Surprisingly (or not), Ana has a winning strategy. Suppose on her turn Ana is going to fill the place with $10^{2n}$, then she will choose the digit in that place such that the number no longer has any hope of being divisible by either $M = 10^{2n+1} + \frac{10^{2n+1} - 1}{3}$ or $N = 10^{2n} + \frac{10^{2n} - 1}{3}$. Clearly if she can do this, then she manages to win, so it suffices to show this is possible. Say she fills $k \cdot 10^{2n}$, since all digits to the left of this are fixed, there is at most one value of $k$ which is possibly divisible by $M$ and at most $8$ values of $k$ for which it is possibly divisible by $N$ (since $8N > 10^{2n+1}$, so at most $8$ multiples of it can be in this range), so since Ana has $10$ digits, she can pick at least one of them and so wins.

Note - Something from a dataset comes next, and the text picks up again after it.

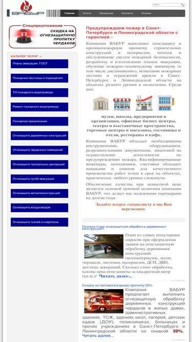 94%компания вабур выполняет огнезащиту и противопожарную пропитку строительных конструкций и материалов, монтаж и обслуживание систем пожарной безопасности, разработку и изготовление планов эвакуации, обучение пожарно-техническому минимуму (в том числе дистанционно), испытание пожарных лестниц и ограждений кровли в санкт-петербурге и ленинградской области

L567 wrote: Surprisingly (or not), Ana has a winning strategy. Suppose on her turn Ana is going to fill the place with $10^{2n}$, then she will choose the digit in that place such that the number no longer has any hope of being divisible by either $M = 10^{2n+1} + \frac{10^{2n+1} - 1}{3}$ or $N = 10^{2n} + \frac{10^{2n} - 1}{3}$. Clearly if she can do this, then she manages to win, so it suffices to show this is possible. Say she fills $k \cdot 10^{2n}$, since all digits to the left of this are fixed, there is at most one value of $k$ which is possibly divisible by $M$ and at most $8$ values of $k$ for which it is possibly divisible by $N$ (since $8N > 10^{2n+1}$, so at most $8$ multiples of it can be in this range), so since Ana has $10$ digits, she can pick at least one of them and so wins. I guess your idea is right, however Ana never places a digit in an empty cell of the form $10^{2n}$ for a $2022$- digit number (she first starts with $10^{2021}$, then $10^{2019}$ etc... So if your argument remains the same for $2n \rightarrow 2n+1$ I guess the proof suffices

Solution from Twitch Solves ISL: Ana wins. All that's needed is: Claim: On Ana's $k$th move for $k=1,2,\dots,1011$, Ana can pick the digit to ensure the final number (no matter what happens after) is neither a multiple of \[ X = \underbrace{133\dots33}_{2024-2k} \]nor \[ Y = \underbrace{1333\dots33}_{2025-2k}. \] Proof. $X$ eliminates at most $8$ choices of digits while $Y$ eliminates at most $1$. $\blacksquare$

Ana has a winning strategy. Let $a_n$ be the number formed by adding $n$ copies of $3$ to the right of $1$. I claim that on Ana's $i$-th move (where $1 \leq i \leq 1011$), she can guarantee that the final number is not divisible by $a_{2023-2k}$ or $a_{2024-2k}$. Indeed, on this step the possible values that $N$ could become lie in an interval of size $10^{2024-2k}$, which can contain at most $8$ multiples of $a_{2023-2k}$ and $1$ of $a_{2024-2k}$, hence one digit can be selected which cannot result in a multiple of $a_{2023-2k}$ or $a_{2024-2k}$. This finishes the problem. $\blacksquare$ Remark (motivation): It's not hard to see that Ana can guarantee $N$ isn't divisible by $13$ or $133$ with only the last digit. This is already pretty good, but results in $1010$ wasted moves and also doesn't guarantee that we can avoid divisibility by $1333$, $13333$, etc. (even though in some sense these are "unlikely" to occur). But then one realizes that we can use these remaining moves to get rid of other possible divisors and solves the problem

We claim that Ana can always win. Note that only $2021$ numbers in $S$ matter. Label the elements $s_1, s_2, \dots, s_{2020} = 133, s_{2021} = 13$ such that $s_i$ has $2023 - i$ digits. Ana first chooses the first digit as $4$ such that $s_1$ can't divide $N$. Claim: For $k \ge 1$, Ana can choose the $2k + 1$ digit such that $N$ can't be divisible by either $s_{2k}$ or $s_{2k+1}$. Proof. By choosing the digit, Ana decides which of the $10$ gaps of size $10^{2022-(2k+1)}$ $N$ falls in. The numbers divisible by $s_{2k}$ cover at most $1$ gap, and the numbers divisible by $s_{2k+1}$ cover at most $\left\lceil \frac{100}{13} \right\rceil = 8$. Thus, at most $9$ gaps contain such a number, so Ana can choose the digit corresponding to the $10$th gap. $\blacksquare$ Repeating this for each of their turns guarentees a win.